COLLECTED MATERIAL:
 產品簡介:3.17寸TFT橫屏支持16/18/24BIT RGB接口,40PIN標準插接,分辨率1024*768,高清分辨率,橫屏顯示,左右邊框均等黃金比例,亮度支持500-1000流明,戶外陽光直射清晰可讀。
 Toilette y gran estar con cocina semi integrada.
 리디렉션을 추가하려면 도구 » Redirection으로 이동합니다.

WHAT YOU HAVE TO DO: An exact printout is needed of the lines from the one containing "Toilette y gran" through the end of the listing above, both of those lines included, and nothing else.

RESPONSE:
 Toilette y gran estar con cocina semi integrada.
 리디렉션을 추가하려면 도구 » Redirection으로 이동합니다.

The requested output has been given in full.